Department of Mathematics, Konkuk University, Seoul 143-701, Korea.
IEEE Trans Med Imaging. 2009 Oct;28(10):1526-33. doi: 10.1109/TMI.2009.2019823.
Magnetic resonance elastography (MRE) is an imaging modality capable of visualizing the elastic properties of an object using magnetic resonance imaging (MRI) measurements of transverse acoustic strain waves induced in the object by a harmonically oscillating mechanical vibration. Various algorithms have been designed to determine the mechanical properties of the object under the assumptions of linear elasticity, isotropic and local homogeneity. One of the challenging problems in MRE is to reduce the noise effects and to maintain contrast in the reconstructed shear modulus images. In this paper, we propose a new algorithm designed to reduce the degree of noise amplification in the reconstructed shear modulus images without the assumption of local homogeneity. Investigating the relation between the measured displacement data and the stress wave vector, the proposed algorithm uses an iterative reconstruction formula based on a decomposition of the stress wave vector. Numerical simulation experiments and real experiments with agarose gel phantoms and human liver data demonstrate that the proposed algorithm is more robust to noise compared to standard inversion algorithms and stably determines the shear modulus.

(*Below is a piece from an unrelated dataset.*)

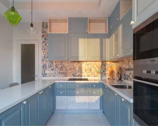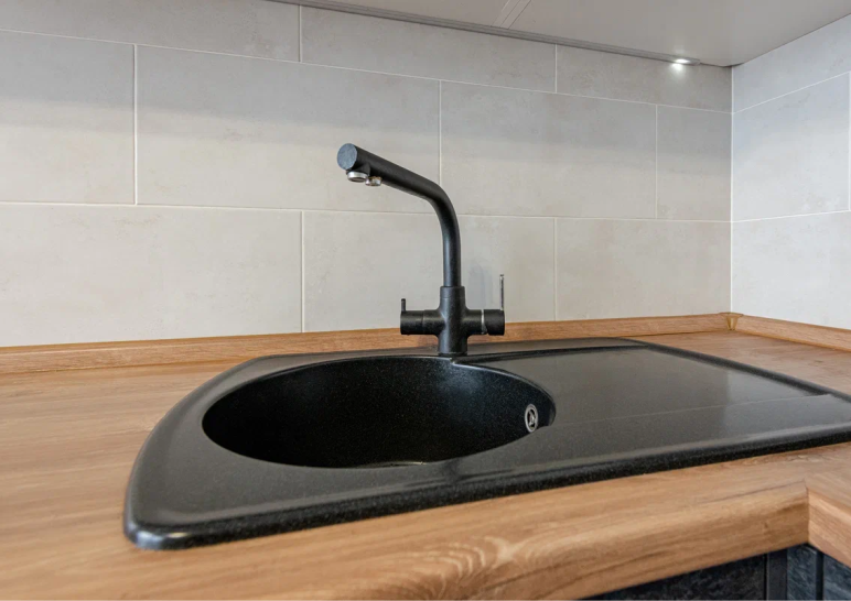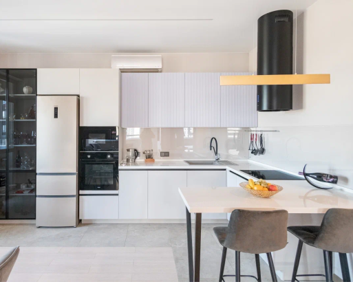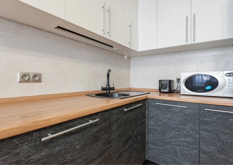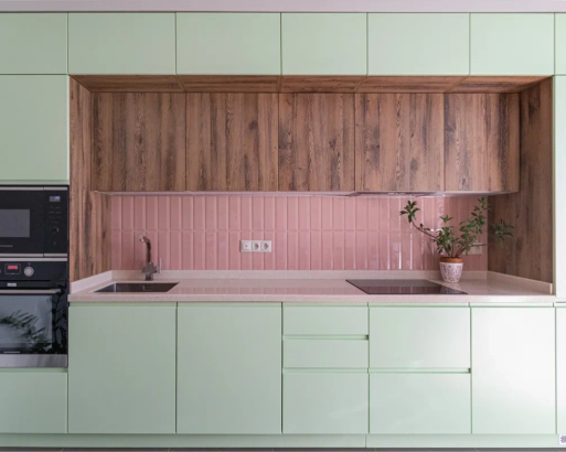 Для реализации проекта были использованы безопасные и прочные материалы — ЛДСП, МДФ и HPL-пластик. Они не вызывают аллергии, не горят при высоких температурах, не деформируются при контакте с влагой. Такой гарнитур способен прослужить много лет.

磁共振弹性成像(MRE)是一种利用磁共振成像(MRI)测量物体中横向声应变波的方法,该方法可以可视化物体的弹性特性,这些应变波是由物体中谐波机械振动引起的。已经设计了各种算法来确定物体在假设的线性弹性、各向同性和局部均匀性下的力学性质。MRE 中的一个具有挑战性的问题是减少噪声影响并在重建的剪切模量图像中保持对比度。在本文中,我们提出了一种新算法,该算法旨在在不假设局部均匀性的情况下降低重建剪切模量图像中的噪声放大程度。通过研究测量位移数据与应力波矢量之间的关系,所提出的算法使用基于应力波矢量分解的迭代重建公式。琼脂糖凝胶体模和人体肝脏数据的数值模拟实验和实际实验表明,与标准反演算法相比,所提出的算法对噪声更稳健,并且能够稳定地确定剪切模量。